I think people will find different approaches that work well for them. What you do might vary from project to project, or it might develop over time (and as developers come out with new tools to help us).
I think I'm not alone in straddling old and new technologies. Here are some of the ways I managed information for my last article (10-12 pages):
- I emailed from Westlaw some chapters from a treatise and annotations from U.S.C.A., and then I sent them to my Kindle.
- I read them on my Kindle and wrote down case citations on 3x5 cards. Then I used Find to retrieve them on Westlaw, emailed them, and sent them to my Kindle to skim.
- I used HeinOnline for old Congressional Records. Looking through index entries, I jotted down page numbers on 3x5 cards.
- I downloaded PDFs of the Congressional Record pages I used. And I downloaded PDFs of law review articles. And I kept these all in a folder on my desktop.
- I entered citations of several of the law reviews into my RefWorks account (but I didn't use RefWorks when I was actively writing -- I looked at the citations I'd jotted on 3x5 cards).
- I attended a panel and took notes with a pen on paper.
- I cut and pasted excerpts from a government website into a Word document that I sent to my Kindle and saved on my computer.
- I signed onto Westlaw and LexisNexis to check some things or look for examples as I was writing.
- I looked at U.S.C.A. and U.S.C.S. in print to get publication dates for citing.
- I typed a quotation directly from a book into a footnote in my draft, without any intermediate note-taking on it.
Is this the perfect way to manage documents, notes, and citations?
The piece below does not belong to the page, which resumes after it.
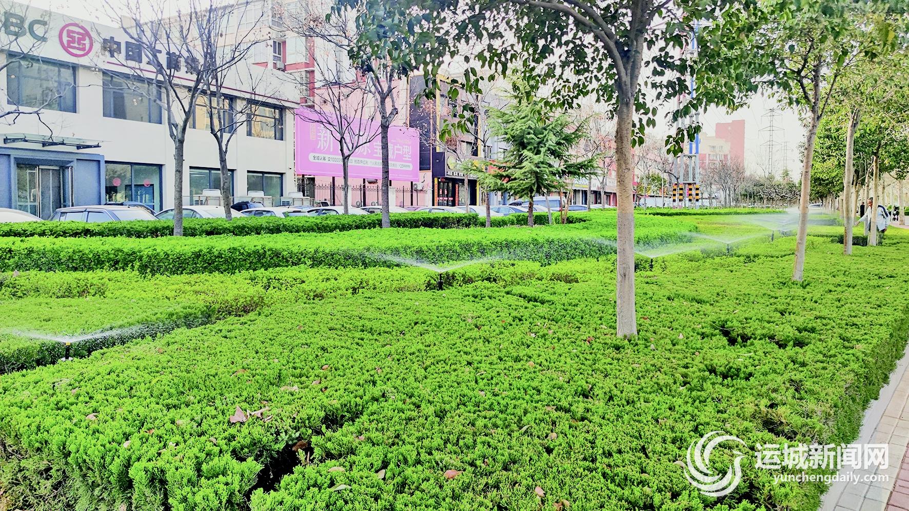 随后,在人民北路一处绿地内,记者看到智能浇灌设施均匀地喷出细密的水雾,滋润着周围的绿篱。据了解,中心城区智能浇灌系统如今已覆盖10条街道,该系统能够根据环境湿度、土壤水分等因素,远程调节浇水量和浇水时间,可以使灌溉工作更加智能、精准、高效。

No. Is it the way I'll do things in my next writing project? Maybe, maybe not.
The old technology of 3x5 cards actually still works pretty darn well for a lot of things -- for instance, quickly referring to a note or a citation and rearranging notes to figure out a good order. Having a bunch of documents together in a folder on my laptop is great too -- for long passages that I wouldn't want to have to copy onto an index card, for reading PDFs, for checking quotations. And being able to go online to search or retrieve is convenient too.
Other tools: tables in Word, spreadsheets, Microsoft OneNote (I haven't tried it, but one student told me she used it for everything).